Jednak prezydent Brazylii, Jair Bolsonaro, wyraził niezadowolenie z powodu podejścia polityków europejskich do Amazonii i nazwał ich podejście do Brazylii „postawę kolonialną”.
„Nasz dom płonie” - napisał Emmanuel Macron na Twitterze. Dosłownie. Amazonka, płuco naszej planety, które wytwarza 20 proc. naszego tlenu, płonie. To kryzys międzynarodowy”.
Prezydent Brazylii Jair Bolsonaro również na Twitterze, odpowiedział francuskiemu prezydentowi: „Żałuję, że prezydent Macron stara się wykorzystać problem wewnętrzny w Brazylii i innych krajach amazońskich, wszystko do celów politycznych. Ton, którym nawiązuje do Amazonki (używając nawet fałszywych zdjęć), nie rozwiązuje problemu. ”
„Rząd brazylijski pozostaje otwarty na dialog oparty na obiektywnych danych i wzajemnym szacunku.
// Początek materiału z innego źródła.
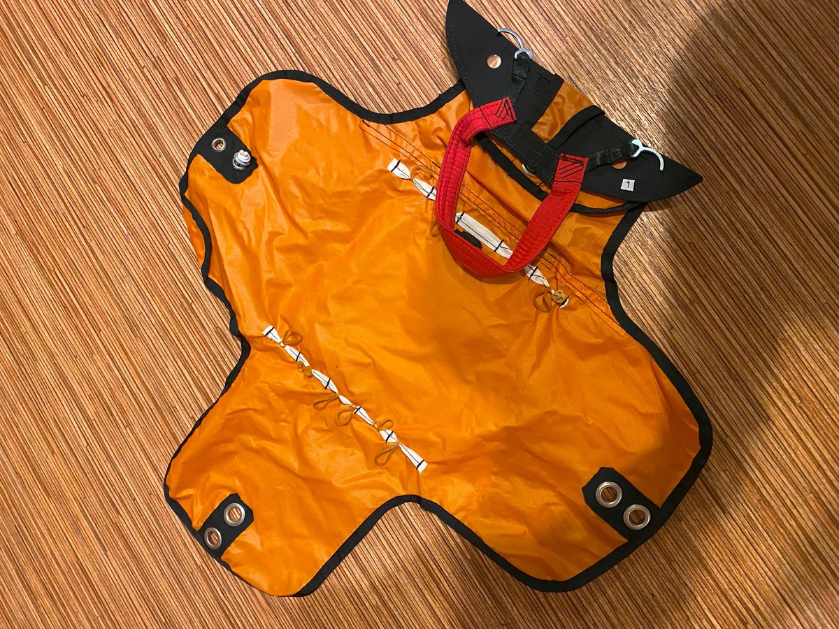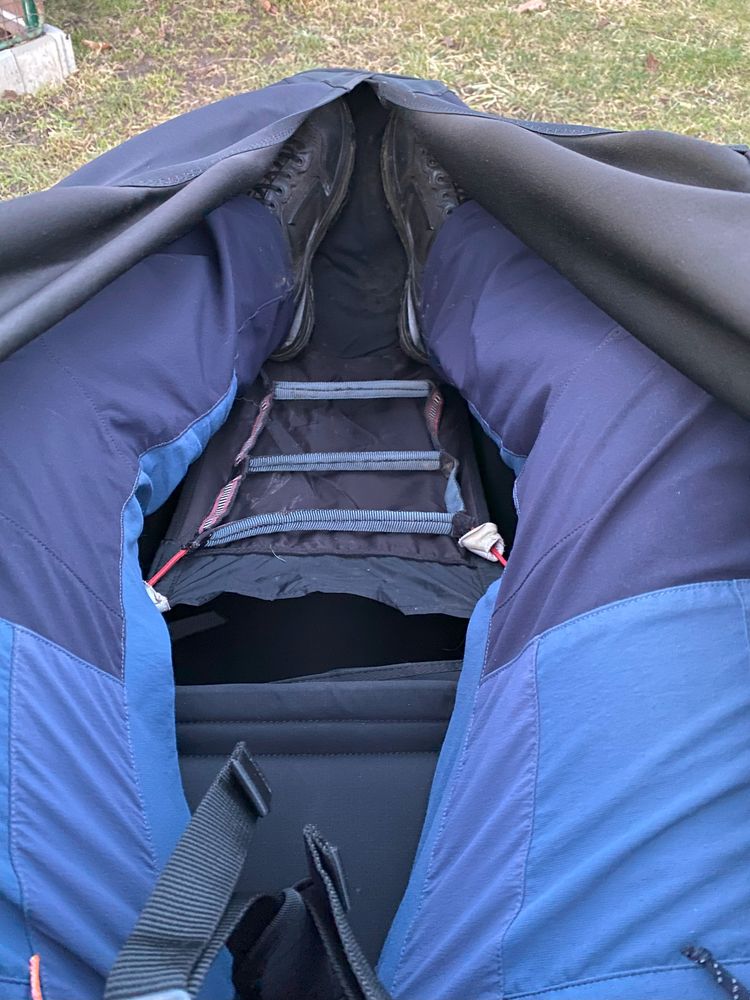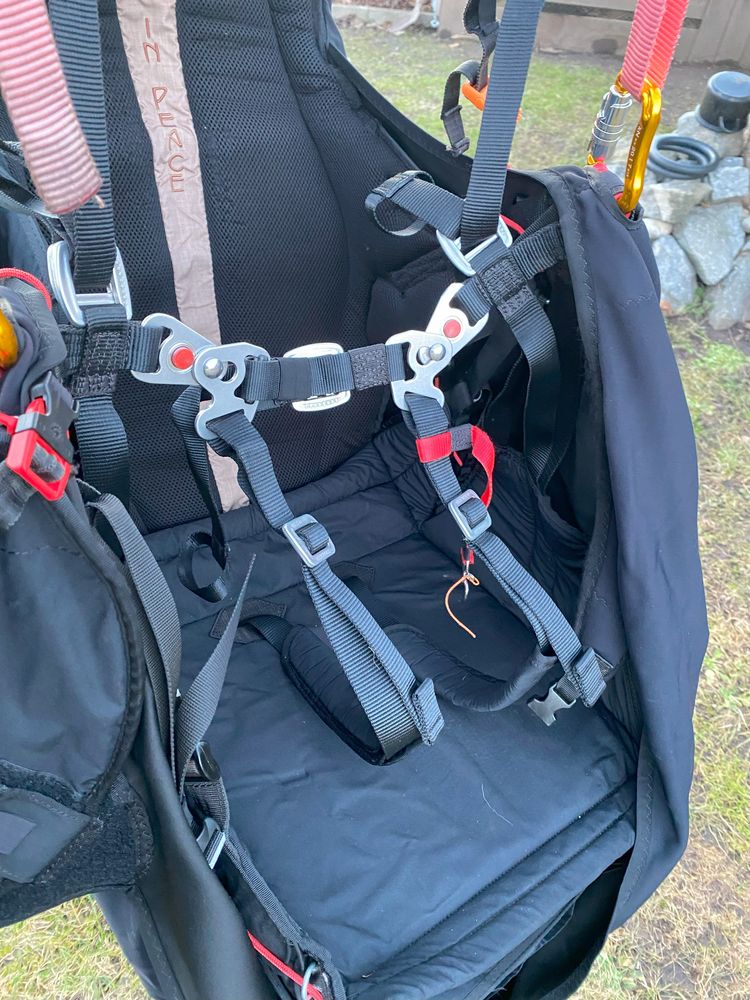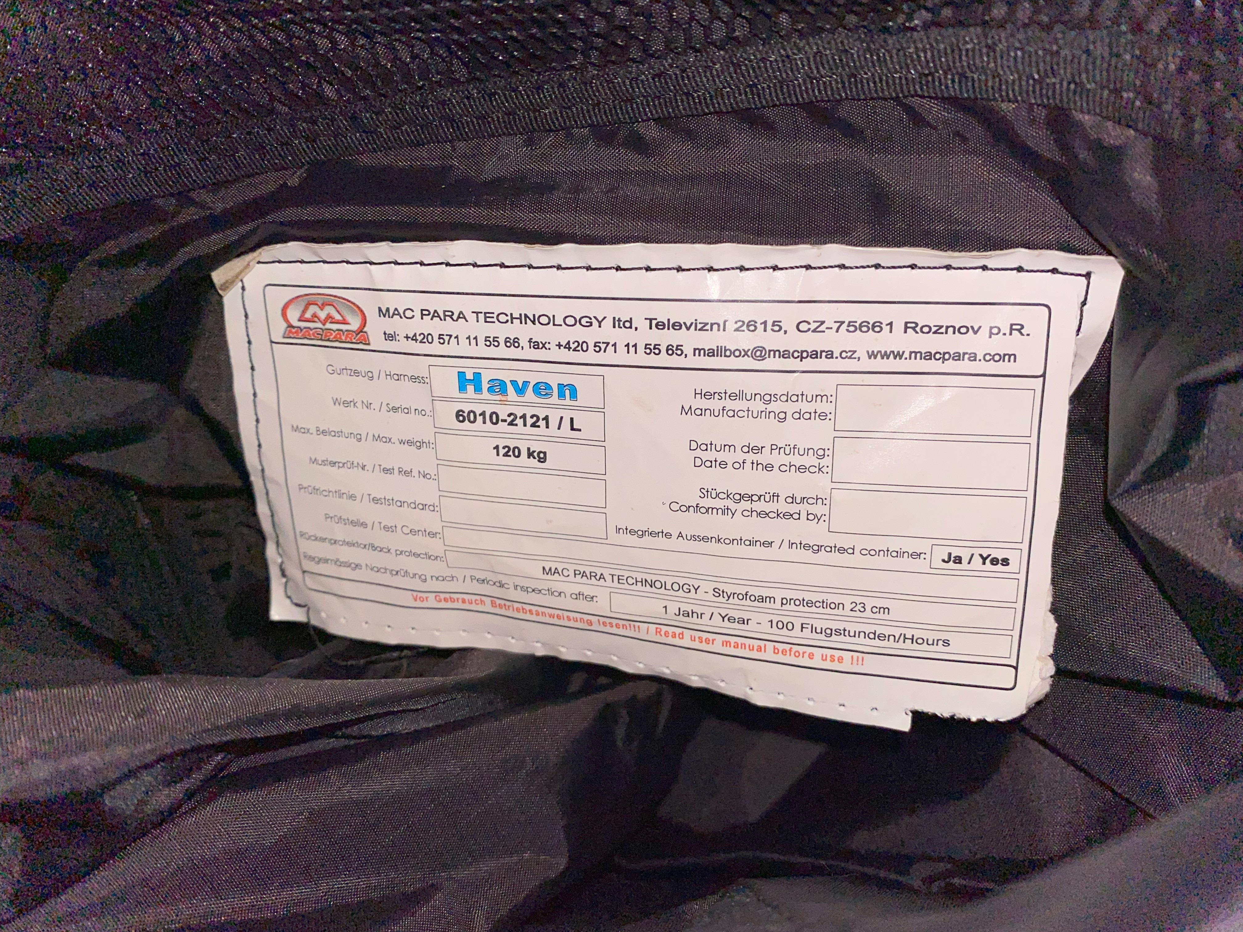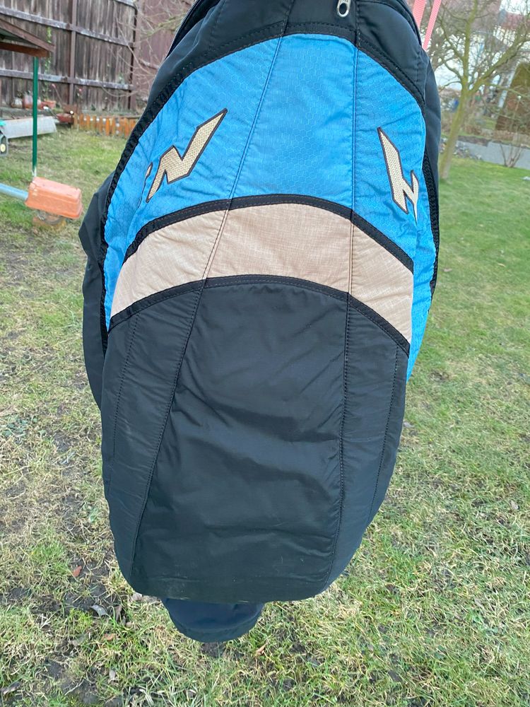 MacPara Haven size L The seat is in good condition, not damaged anywhere. The construction is very robust, classic with a board. Foam protector 23 cm, protects the entire back. The tab is placed under the thighs, the speed is 3-stage. Harness weight 5.5 kg. Includes 2 original containers for the tab. I am 183 cm tall. The seat is very comfortable for long flights, with wide adjustment options. Can be tried in the Klatovy area.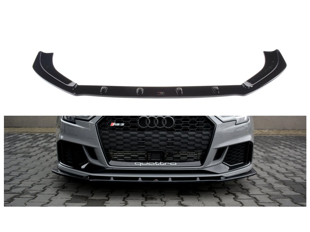 Maxton Design spoiler pod přední nárazník ver.1 pro vozidlo Audi RS3 8V Facelift . Povrchová úprava spoileru carbon-Look.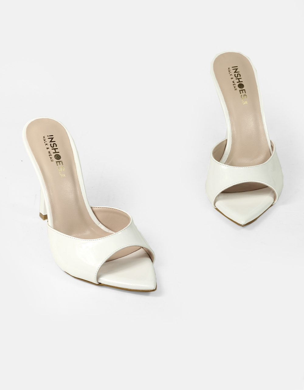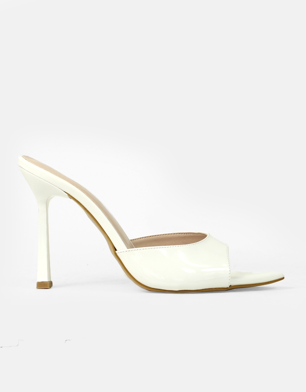 Λουστρίνι mules μυτερά Ελληνικής κατασκευής Λευκό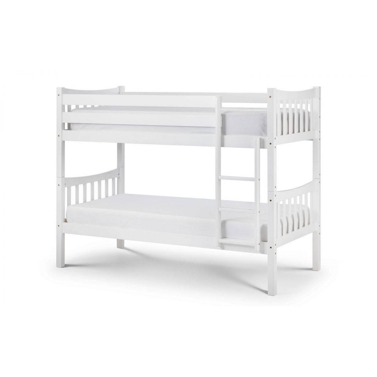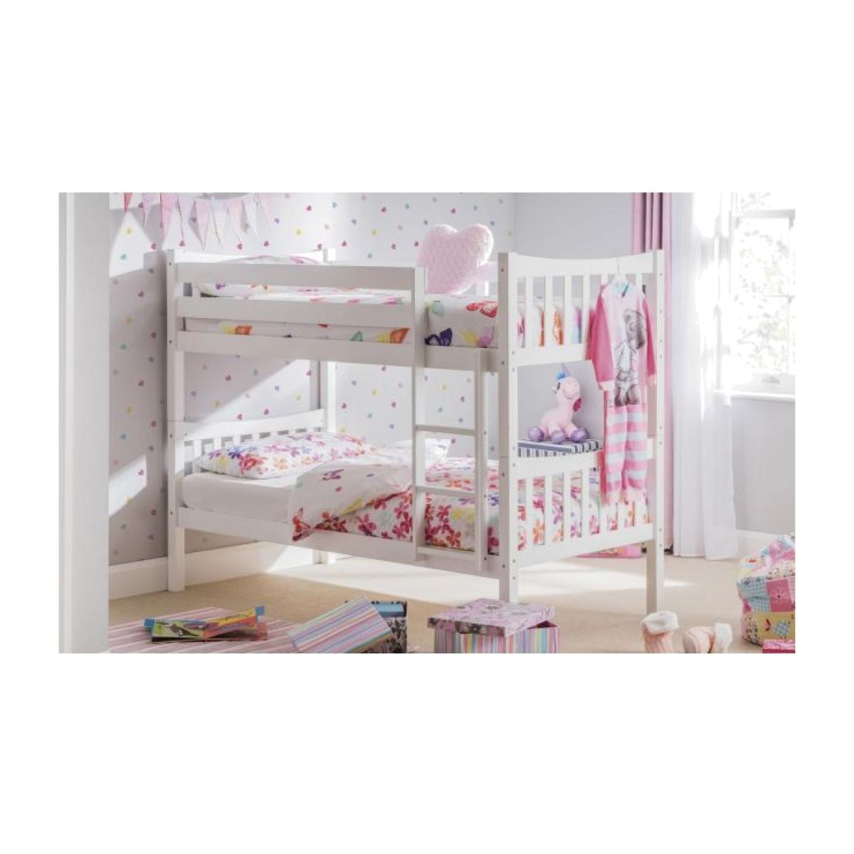 The Zodiac is a highly versatile bunk bed finished in a brilliant white lacquer which will match any style of decor. Beautifully designed with a subtle, attractive curve in matching head and footboards. Zodiac's solid construction features high side rails and a robust ladder, while the overall footprint is cleverly compact to ensure maximum use of space in smaller bedrooms. Features: Dimensions: 103cm D x 201cm W x 154cm H Durable Bright White Lacquered Finish Conforms to BS EN 747:2012 Safety Standards Accepts 2 Standard UK Single Mattresses (90cm x 190cm) Minimum age reccomendation - top bunk 6 years, bottom bunk 4 years. Distance from floor to top of ladder - 154cm Conforms to BS EN 747:2012 Safety Standards To minimise the danger of falling from the top bunk, we recommend that the top of the mattress should always be at least 16cm below the top of the lowest part of the guardrail. Maximum mattress height for this bunk is 18cm Requires assembly Material:Solid malaysian hardwood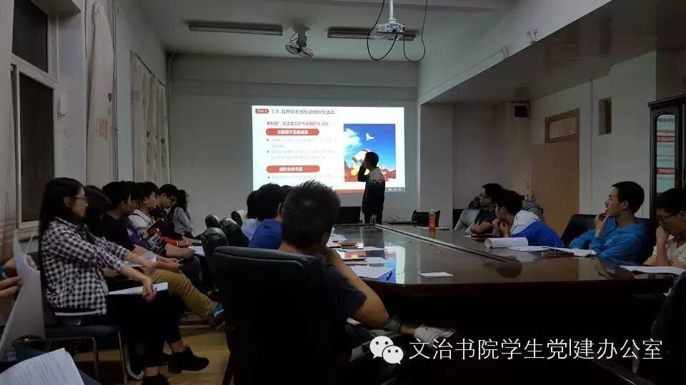 在活动开展过程中,文治书院学生第一党支部在组织委员王腾同志的引导下,无论党员、预备党员,还是积极分子均参与到组织生活会中,学习氛围浓厚,效果显著。其以党章党规制定的历史进程为起点,以新形势新任务对党的工作和党的建设提出的新要求为重心,最终落足于习总书记两会讲话所传达的精神,时达一小时的会议取得了卓越的成效,达到了预期的目标。学生第三党支部在组织生活会召开之前做了充足的准备工作,将党章及系列讲话印刷装订成册,提前分发给了与会的三十余名同志,做到了人手一册,使支部成员对“两学一做”教育活动有了一个充分的认识,对党章党规及习近平总书记系列重要讲话精神有了一个系统的学习,在会议中预备党员梁瑞华同志以PPT演绎的形式展开会议,取得了应有的效果。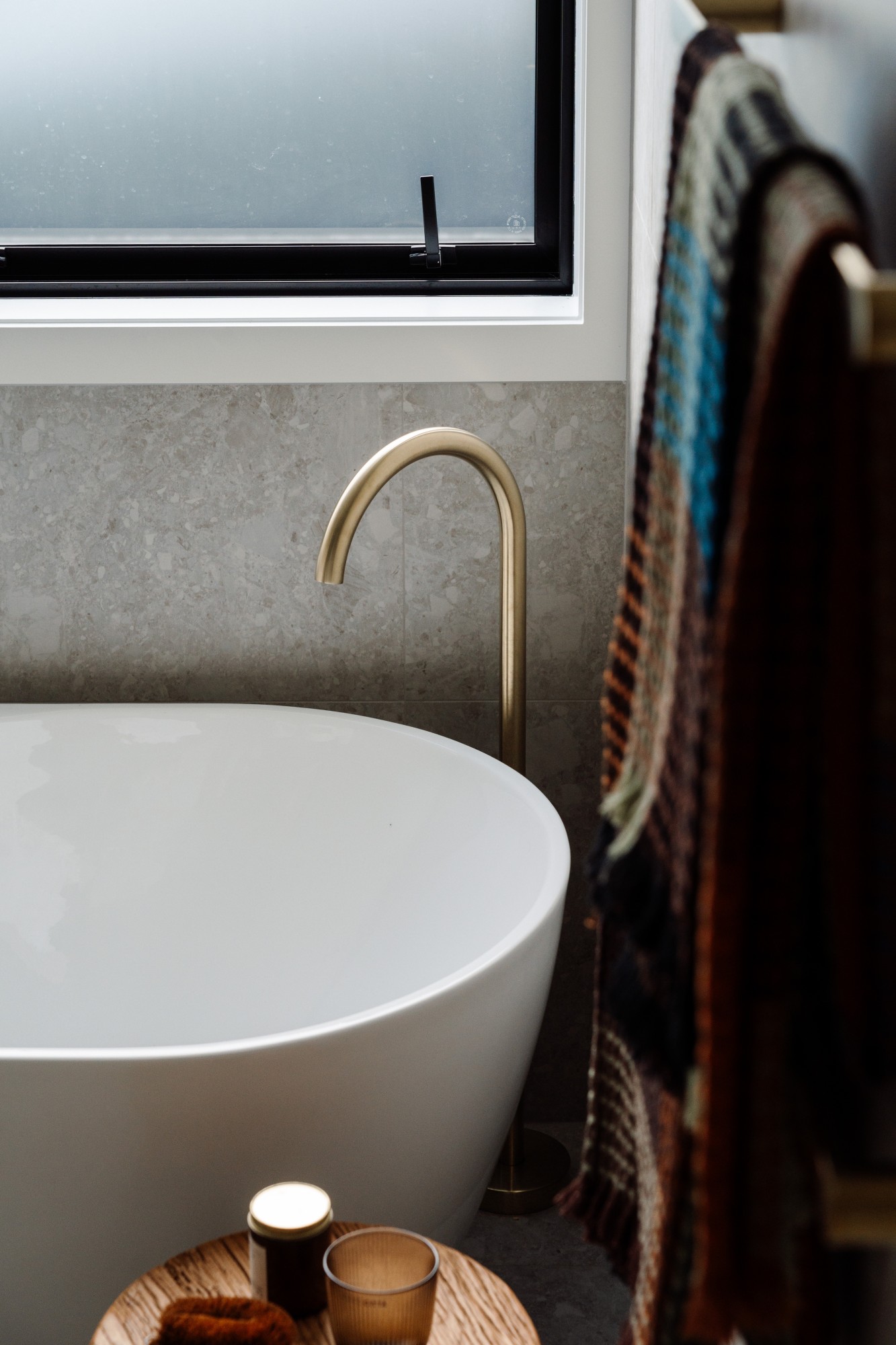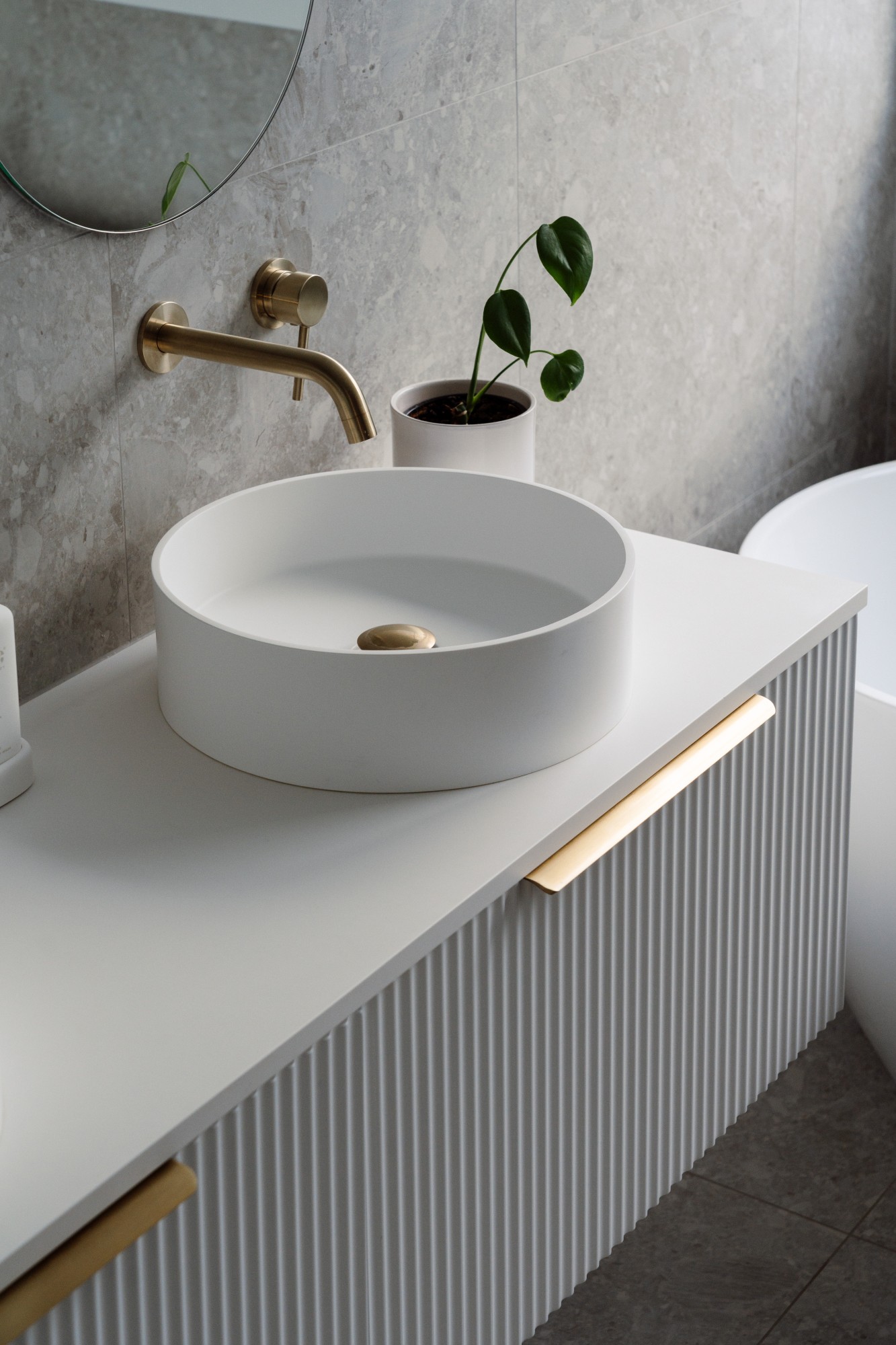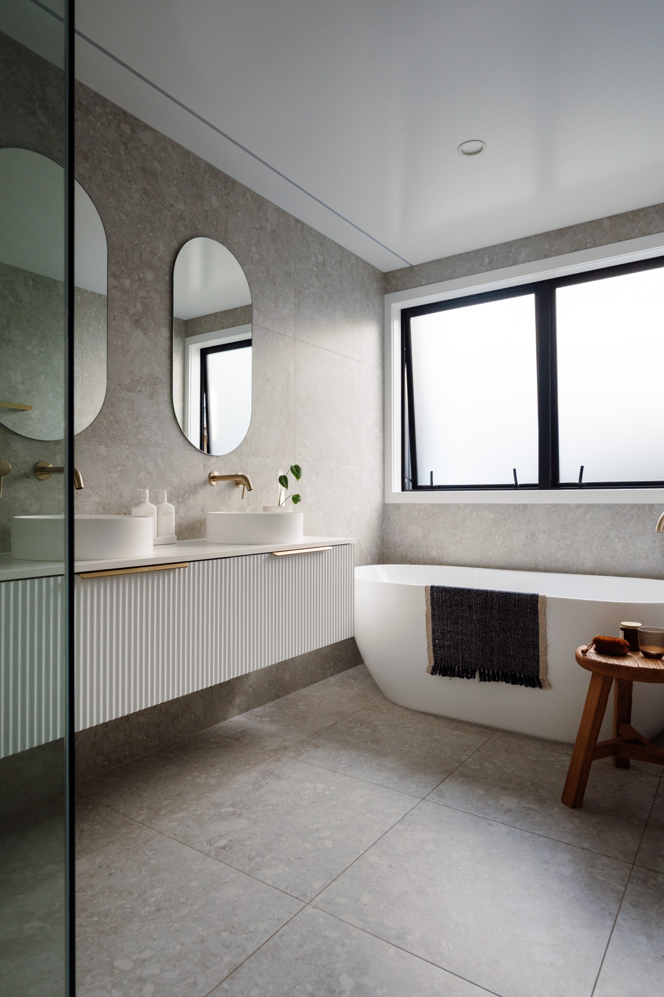 In the bathrooms, the homeowners wanted a soft neutral tile, nothing too dark or light. “This classic subtle terrazzo style tile works in well with the fluted vanity fronts and brass fixtures and tapware to add some more luxury and warmth to the space,” says Nicola. Brass tapware, sink plugs and draw handles complement the fluted rippled feature panels on the vanity drawers. The stone vanity tops were selected for practicality and luxury.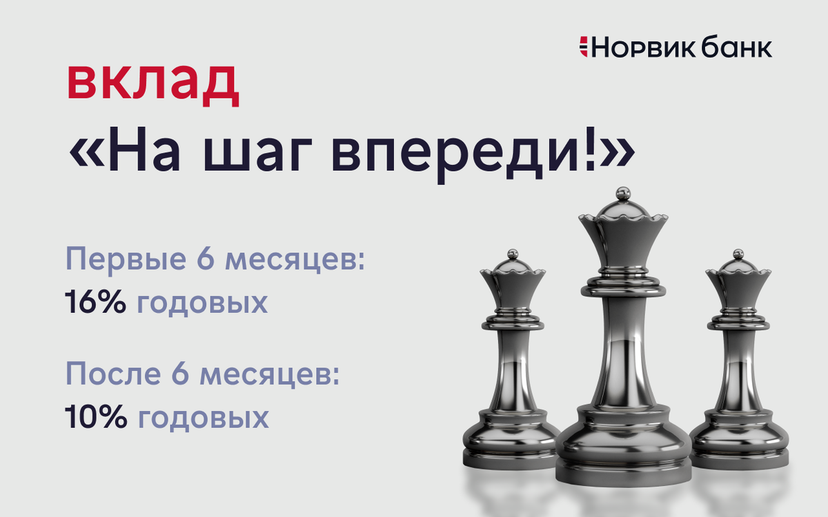 Самое время задуматься о том, как с пользой разместить деньги во вклад, пока не слишком поздно. 💡Норвик Банк предлагает умное решение – вклад «На шаг впереди!». Он разработан специально для тех, кто хочет зафиксировать высокий доход от вложений на несколько лет и быть на шаг впереди рынка. ⚙️Условия вклада: • Срок 36 мес. и 1 день с минимальной суммой вложения 350 000 рублей.
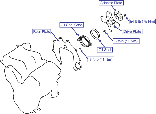 - Remove the drive plate and gasket.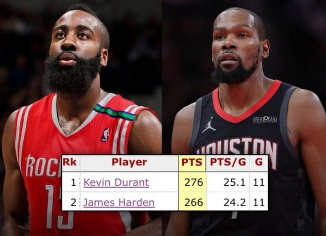 就在刚刚!KD超哈登成队史第一人:这就是火箭

Propozycja francuskiego prezydenta, by omówić kwestie amazońskie w G7, bez udziału krajów regionu, pokazuje kolonialny stan umysłu niepasujący do XXI wieku ” – napisał Bolsonaro.
Jair Bolsonaro powtarza, że Brazylia nie ma wystarczających środków, aby walczyć z rekordową liczbą pożarów w Amazonii. - Amazona jest większa od Europy, jak możesz walczyć z kryminalnymi podpaleniami na takim terytorium? Nie mamy na to środki - powiedział Bolsonaro dziennikarzom. Ekolodzy przypominają jednak, niedawno brazylijski prezydent odrzucił pomoc w walce z pożarami oferowaną przez donatorów.
Pożary tropikalnych lasów deszczowych w Amazonii są normalnym zjawiskiem o tej porze roku. Jednak część pożarów jest celowo wzniecana przez farmerów, którzy chcą w ten sposób powiększyć swoje pastwiska i pola uprawne. Płoną rozległe obszary puszczy tropikalnej, która jest uważana za "płuca Ziemi" i jedno z najważniejszych zabezpieczeń przed globalnymi zmianami klimatu.